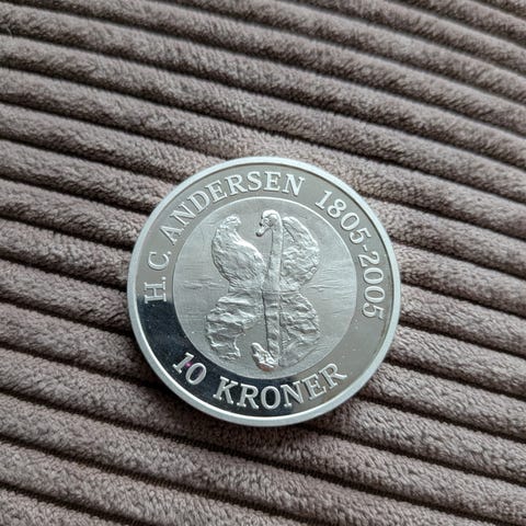 Denne 10-kronemønt, præget på Den Kgl. Mønt, er udgivet i anled-ning af 200-året for H. C. Andersens fødsel 2. april 1805.
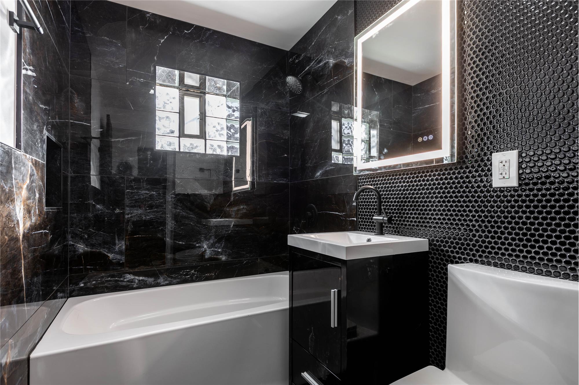 * Black marble bathroom
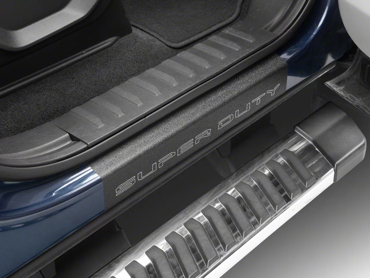 Door Sill Protectors. Add a more expensive, upscale appearance to your Super Duty's interior with a set of Front Door Sill Protectors that promote the Super Duty logo. These Tuf-Liner Series Door Sill Protectors feature a similar look to spray in bed-liner and will protect your F-350's sills from scratches, dirt, rocks, and chipping paint. These Door Sill Protectors are an affordable and simple way to personalize your Ford Super Duty.

--

*WORK INSTRUCTIONS*. Beginning with the line containing "Black marble bathroom" and ending with the last line of the data above, repeat each line exactly. Include no pictures and no other lines.

*OUTPUT FOR THIS TASK*.
 * Black marble bathroom
 Door Sill Protectors. Add a more expensive, upscale appearance to your Super Duty's interior with a set of Front Door Sill Protectors that promote the Super Duty logo. These Tuf-Liner Series Door Sill Protectors feature a similar look to spray in bed-liner and will protect your F-350's sills from scratches, dirt, rocks, and chipping paint. These Door Sill Protectors are an affordable and simple way to personalize your Ford Super Duty.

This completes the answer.